§ Exercise instructions
From the line that contains "Are you looking" to the final line below, both included, print each line exactly and skip the pictures.

====== The records

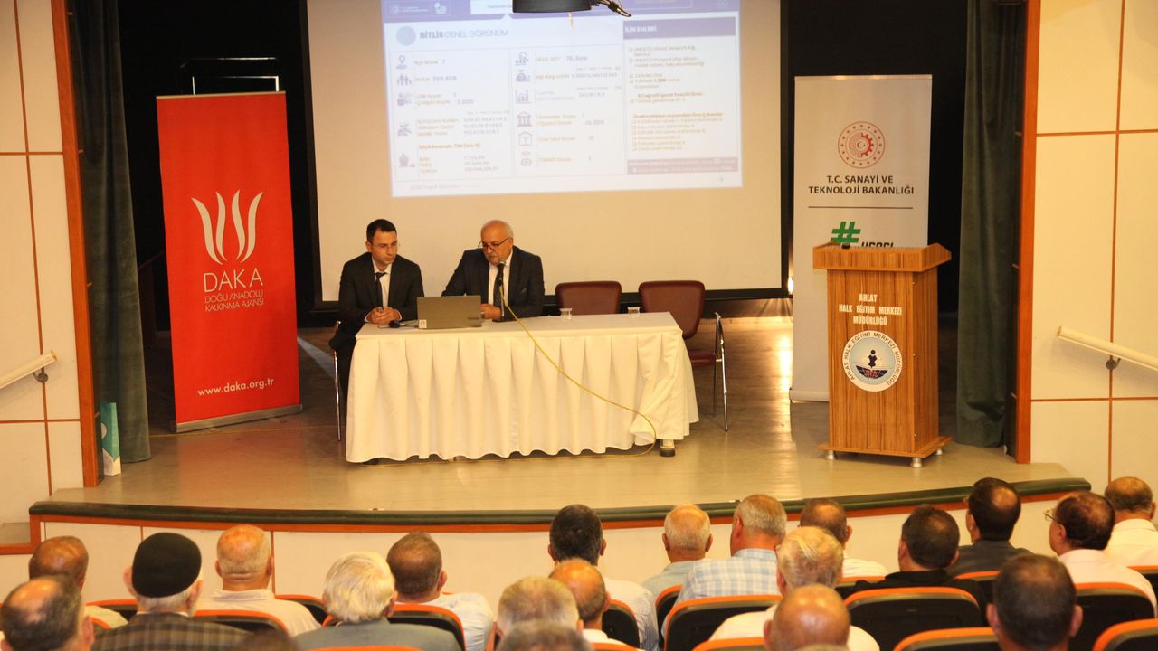 Ahlat Halk Eğitimi Merkezi konferans salonunda yapılan toplantıda, DAKA Bitlis İl Koordinatörü Nurettin Polat ile DAKA Proje Uzmanı Kerem Akın katılımcılara teşvik programları hakkında detaylı bilgiler verdi. Sunumlarda, bölgesel kalkınmayı destekleyen proje fırsatları, başvuru koşulları ve destek mekanizmaları ele alındı.
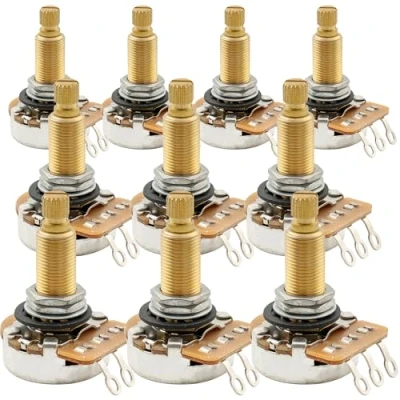 Fits some imported or Asia made electric guitars and basses, long thread for guitars with thick tops Coarse 18-spline split shaft diameter: 6mm (15/64 inch), Metric sized M9 thread, 9mm in diameter, thread height: 19mm (3/4 inch), requires 9.5mm (3/8 inch) or larger hole in the pickguard to install the pot Full brass made shaft and thread, better conductivity Linear taper, resistance: 500K, tolerance: 20%, usually used for humbuckers, remains more high-end frequencies, gives brighter tone than 250K Package includes: 10 pieces pots with mounting accessories
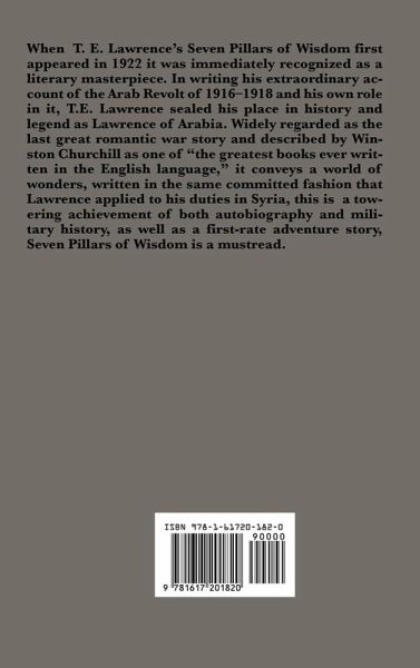 When T. E. Lawrence's Seven Pillars of Wisdom first appeared in 1922 it was immediately recognized as a literary masterpiece. In writing his extraordinary account of the Arab Revolt of 1916-1918 and his own role in it, T.E. Lawrence sealed his place in history and legend as Lawrence of Arabia. Widely regarded as the last great romantic war story and described by Winston Churchill as one of "the greatest books ever written in the English language," it conveys a world of wonders, written in the same committed fashion that Lawrence applied to his duties in Syria, this is a towering achievement of both autobiography and military history, as well as a first-rate adventure story, Seven Pillars of Wisdom is a must read.Wilder Publications is a green publisher. All of our books are printed to order. This reduces waste and helps us keep prices low while greatly reducing our impact on the environment.
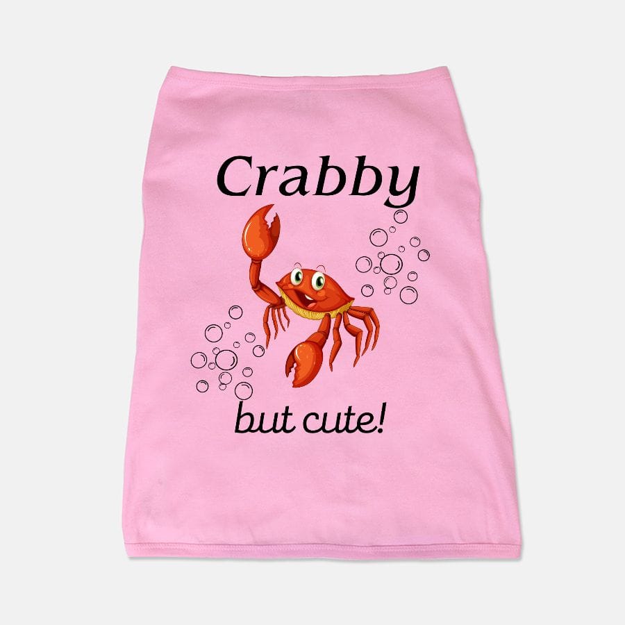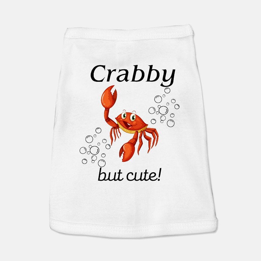 Are you looking for a cute and personalized shirt for your furry friend? Check out our custom dog & Cat shirt with a crab design in the center and a cute bubble floating around it! The shirt is available in white, pink, grey, and reads "Crabby but cute."
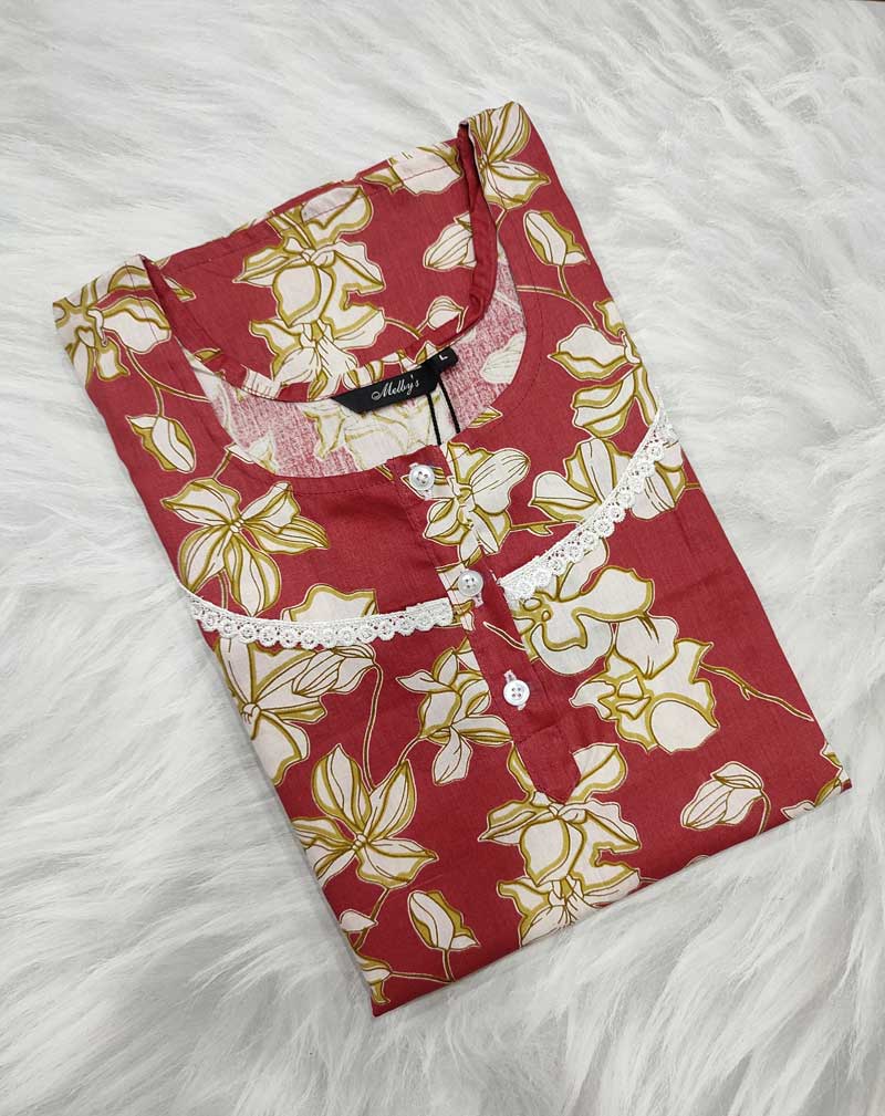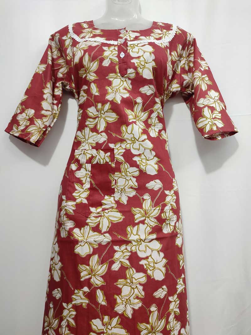 Collar Neck Cotton Nighty With Buttons – 55 inches long – Red
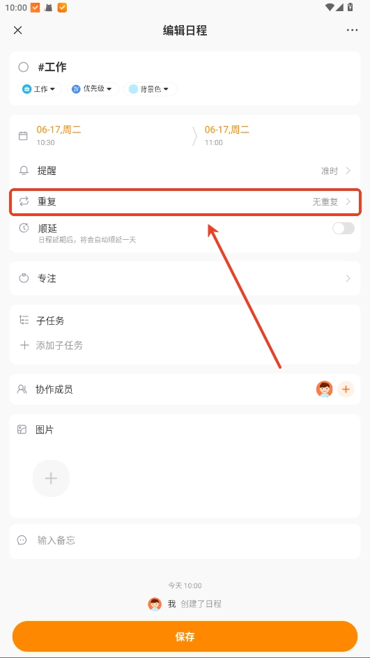 3、为任务设置提醒时间,确保你不会忘记重要的事情,可以选择定时提醒或周期性提醒。

============

§ Task output
 Are you looking for a cute and personalized shirt for your furry friend? Check out our custom dog & Cat shirt with a crab design in the center and a cute bubble floating around it! The shirt is available in white, pink, grey, and reads "Crabby but cute."
 Collar Neck Cotton Nighty With Buttons – 55 inches long – Red
 3、为任务设置提醒时间,确保你不会忘记重要的事情,可以选择定时提醒或周期性提醒。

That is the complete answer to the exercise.